WORK INSTRUCTION: Quote all lines below exactly. Images stay out.

DATA EXTRACT:

⁂

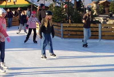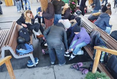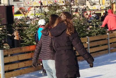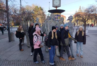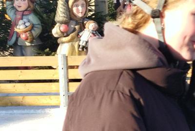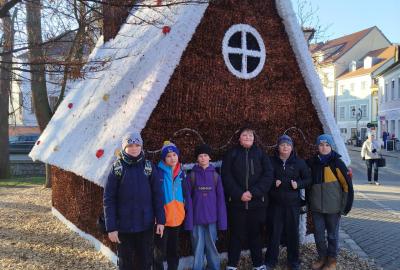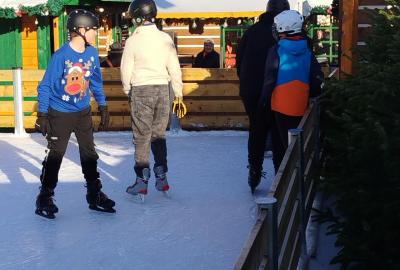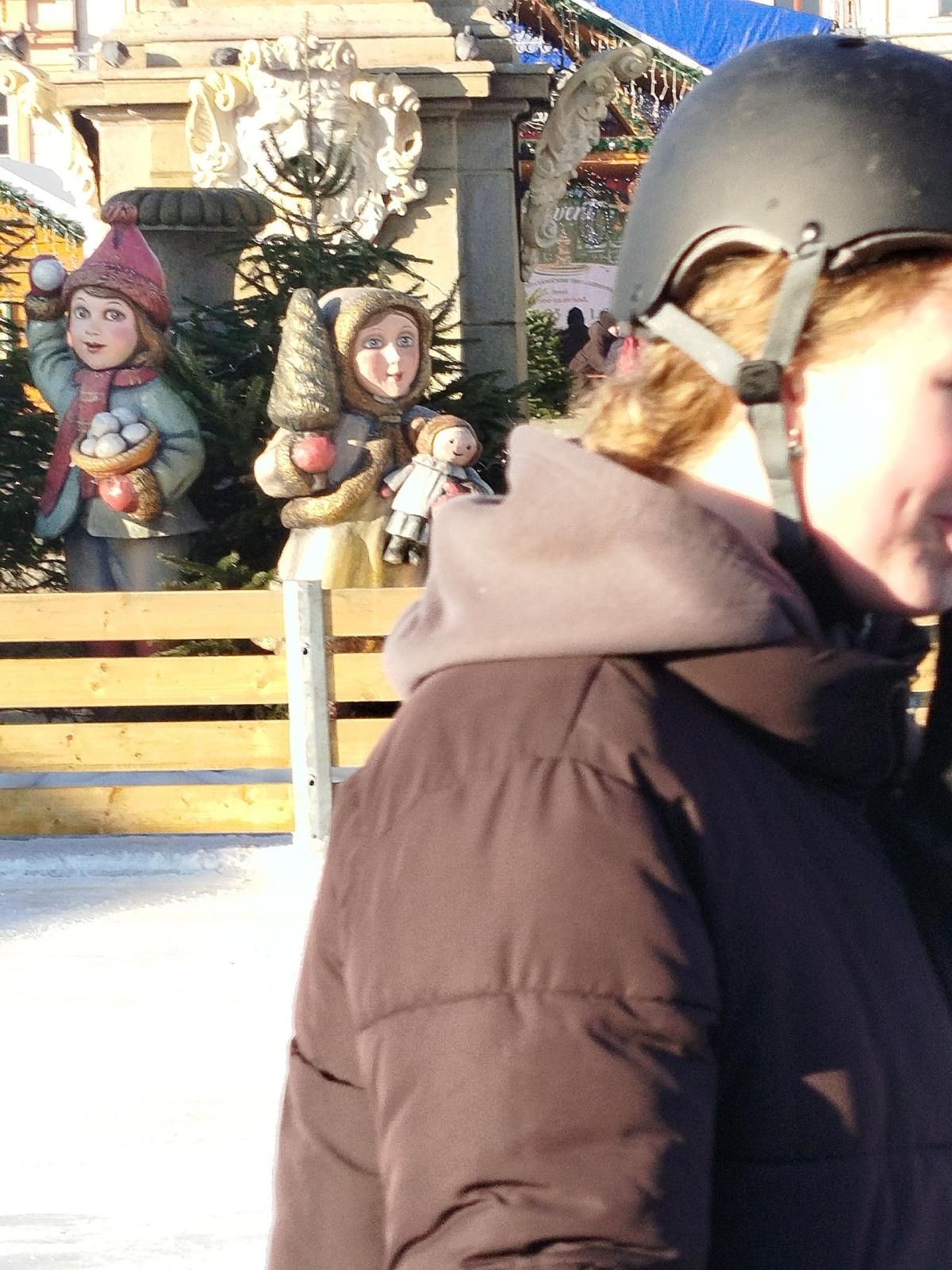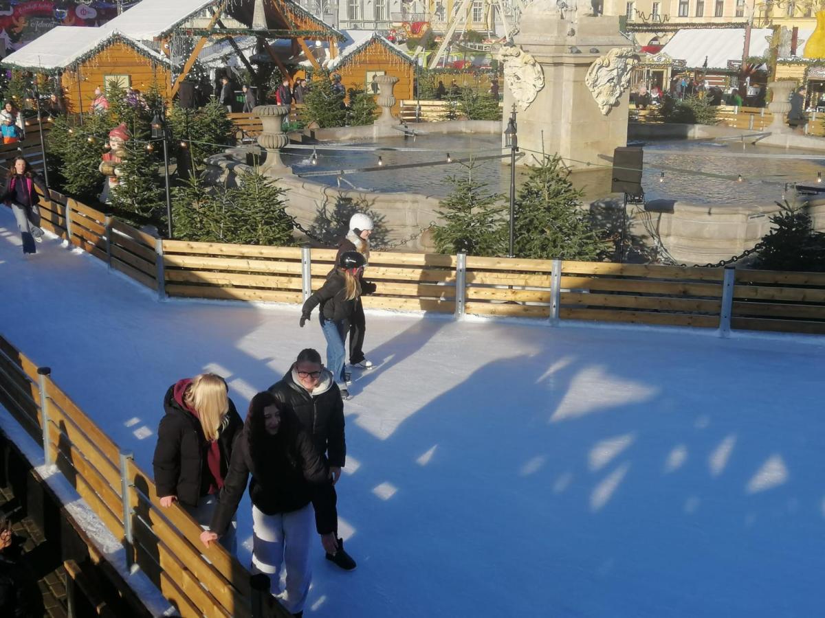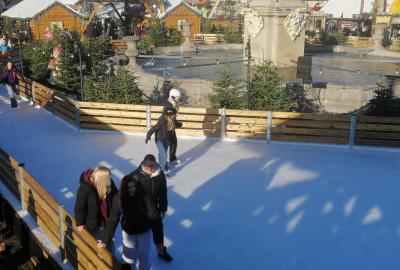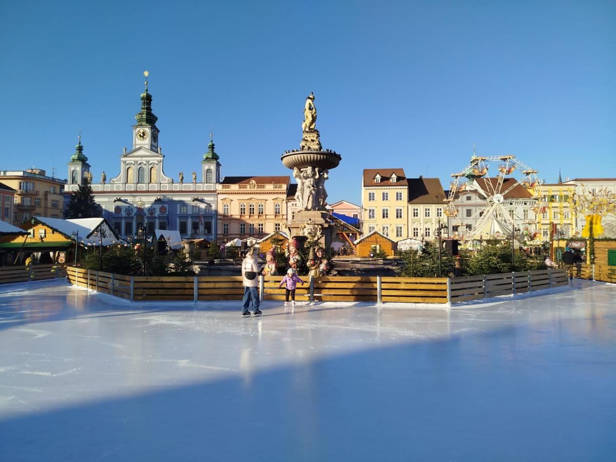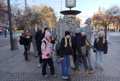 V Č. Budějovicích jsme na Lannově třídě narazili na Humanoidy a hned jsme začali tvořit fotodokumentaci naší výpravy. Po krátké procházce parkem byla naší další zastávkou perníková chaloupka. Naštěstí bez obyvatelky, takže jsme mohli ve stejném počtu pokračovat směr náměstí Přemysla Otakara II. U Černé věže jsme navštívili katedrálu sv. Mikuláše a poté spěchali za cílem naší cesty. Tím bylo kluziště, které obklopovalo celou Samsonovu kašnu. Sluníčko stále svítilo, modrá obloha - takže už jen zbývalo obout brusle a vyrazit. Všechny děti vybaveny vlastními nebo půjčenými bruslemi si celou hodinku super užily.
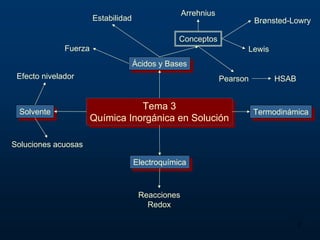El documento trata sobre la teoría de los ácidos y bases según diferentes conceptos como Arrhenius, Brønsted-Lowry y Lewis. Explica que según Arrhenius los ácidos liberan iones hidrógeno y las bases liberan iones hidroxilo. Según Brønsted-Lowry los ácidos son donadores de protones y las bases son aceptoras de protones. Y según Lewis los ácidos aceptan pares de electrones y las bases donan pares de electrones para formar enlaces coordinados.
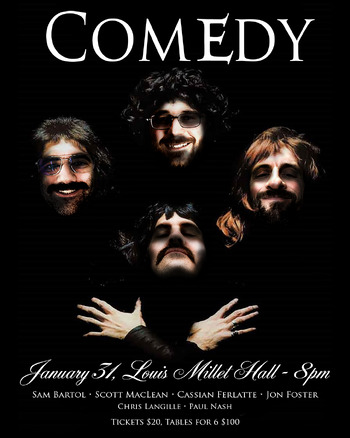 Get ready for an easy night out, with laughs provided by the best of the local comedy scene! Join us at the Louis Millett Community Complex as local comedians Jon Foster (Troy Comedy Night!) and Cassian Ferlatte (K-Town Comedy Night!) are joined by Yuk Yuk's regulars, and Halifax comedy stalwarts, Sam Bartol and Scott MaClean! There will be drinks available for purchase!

⁂

RESULT OF THE EXERCISE:
 V Č. Budějovicích jsme na Lannově třídě narazili na Humanoidy a hned jsme začali tvořit fotodokumentaci naší výpravy. Po krátké procházce parkem byla naší další zastávkou perníková chaloupka. Naštěstí bez obyvatelky, takže jsme mohli ve stejném počtu pokračovat směr náměstí Přemysla Otakara II. U Černé věže jsme navštívili katedrálu sv. Mikuláše a poté spěchali za cílem naší cesty. Tím bylo kluziště, které obklopovalo celou Samsonovu kašnu. Sluníčko stále svítilo, modrá obloha - takže už jen zbývalo obout brusle a vyrazit. Všechny děti vybaveny vlastními nebo půjčenými bruslemi si celou hodinku super užily.
El documento trata sobre la teoría de los ácidos y bases según diferentes conceptos como Arrhenius, Brønsted-Lowry y Lewis. Explica que según Arrhenius los ácidos liberan iones hidrógeno y las bases liberan iones hidroxilo. Según Brønsted-Lowry los ácidos son donadores de protones y las bases son aceptoras de protones. Y según Lewis los ácidos aceptan pares de electrones y las bases donan pares de electrones para formar enlaces coordinados.
 Get ready for an easy night out, with laughs provided by the best of the local comedy scene! Join us at the Louis Millett Community Complex as local comedians Jon Foster (Troy Comedy Night!) and Cassian Ferlatte (K-Town Comedy Night!) are joined by Yuk Yuk's regulars, and Halifax comedy stalwarts, Sam Bartol and Scott MaClean! There will be drinks available for purchase!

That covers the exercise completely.